The Mediterranean is the birthplace of ancient peoples and cultures, but has it acted as a bridge or a barrier in the genetic history of northern and southern populations? Gene flow and population structure on the north and south shores of the Mediterranean form the basis of the work published recently by the Human Population Genetics research group, directed by Pedro Moral of the Department of Animal Biology at the University of Barcelona.
The research, published in two separate articles in BMC Evolutionary Biology and the American Journal of Physical Anthropology, covers one of the widest geographical areas and most diverse population samples studied to date in the Mediterranean region and reveals differences in the genetic structure of the populations inhabiting the north and south shores.
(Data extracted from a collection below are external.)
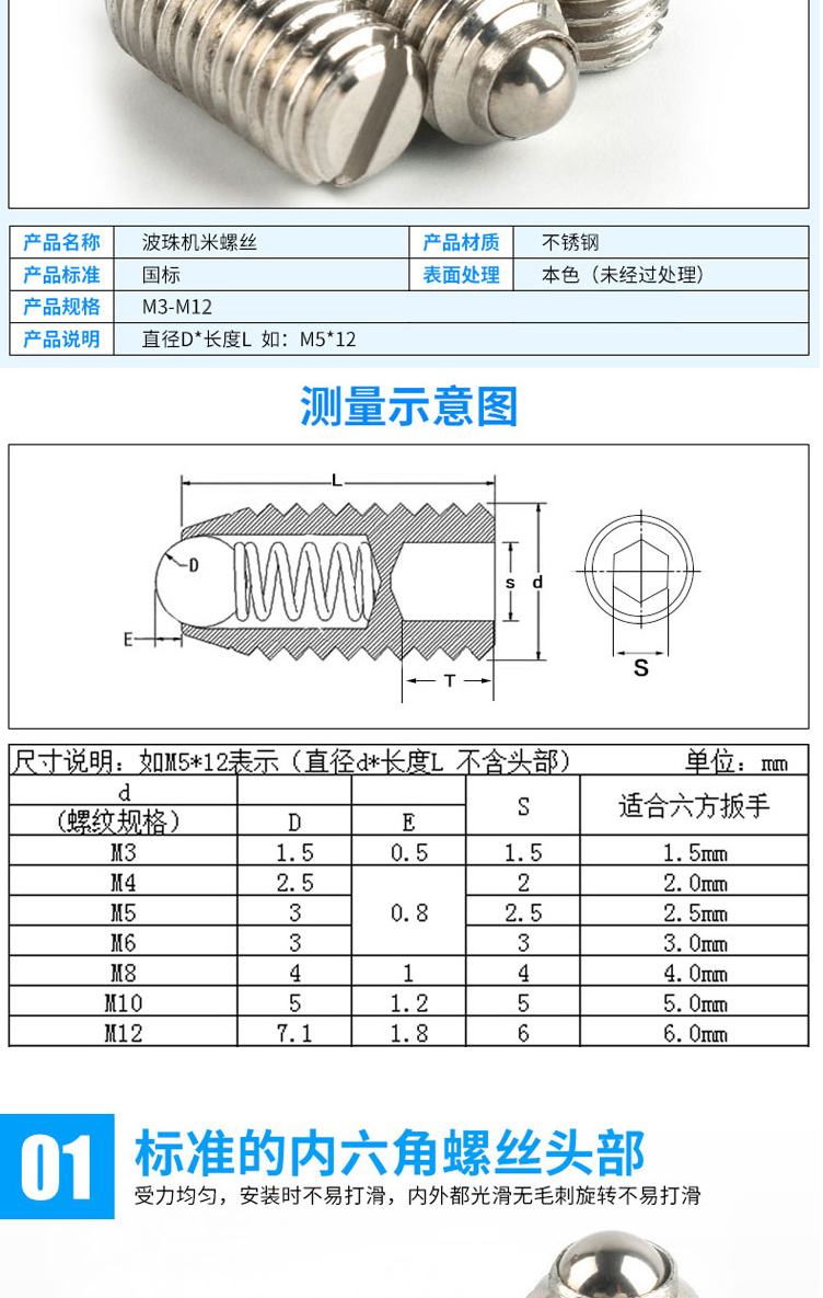海斯迪克 波珠定位珠 gnzy-10 304不锈钢 M5*8 1个
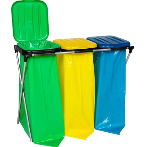 Produkt ID: 1010637 Højkvalitets stativ til 120 liters poser, til affaldsadskillelse. Låg i 3 farver muliggør hurtig og nem sortering af basisaffald. Den solide konstruktion af galvaniserede rør garanterer sikker opbevaring af poserne. Stativet har en ramme, der muliggør hurtig montering og udskiftning af affaldsposen. Egenskaber ved udskillelsesposestativet: – gennemprøvet og solid konstruktion – tilpasset til indsamling og sortering af affald: glas – plastik – papir – galvaniserede rør beskyttet mod korrosion – låget inkluderer en ramme til modtagelse af en 120L affaldspose – leveres adskilt (let og hurtig montering) – velegnet til indendørs og udendørs rum – betræk i 3 farver – gul, blå, grøn letter adskillelse. – stativene passer til poser med en stor kapacitet på 120L (poser kan købes separat i vores butik) Parametre: – udvendige mål efter montering (LxBxH): 91 x 38 x 74 cm – emballagemål, karton (LxBxH): 91 x 41 x 6, 5 cm – vægt af stativ: 3 kg – farver på dæksler: gul, blå, grøn – diameter af galvaniserede konstruktionsrør: 16 mm Sættet indeholder: – tredobbelt stativ til poser til affald og affaldssortering – skruer til selv -montering – poser synlige på billedet er ikke inkluderet i sættet
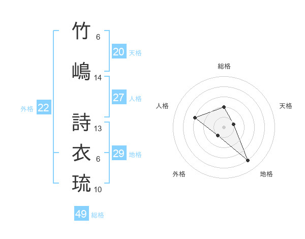 竹嶋 詩衣琉さんの外格は22画の1点!
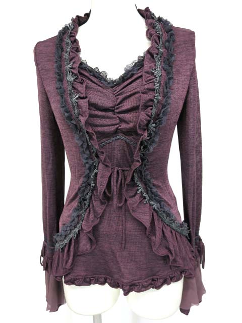 ■ボレロ風プルオーバーカットソー 紫 ボレロを重ねたような切り替えデザインのカットソーです。 |

"The genetic history of populations will only be fully understood when we have a more complete understanding of the architecture and variation of the human genome. The Mediterranean, in particular, is a highly complex area, and studying the genetic variability of its populations is a major scientific challenge," explains Pedro Moral, director of the project. The first article, published in the journal BMC Evolutionary Biology, reveals new data about the genetic structure of human populations on both Mediterranean shores and gene flow across the Sahara desert. In this study, the group tracked the genetic footprint of a set of polymorphisms located in and around the genomic regions of the coagulation factors FVII and FXII, which are associated with the prediction of risk factors for cardiovascular diseases. The population sample consisted of 687 individuals from countries in the Mediterranean Basin (Spain, France, Greece, Turkey, Morocco, Algeria and Tunisia) and from non-Mediterranean groups (Ivory Coast and Bolivia).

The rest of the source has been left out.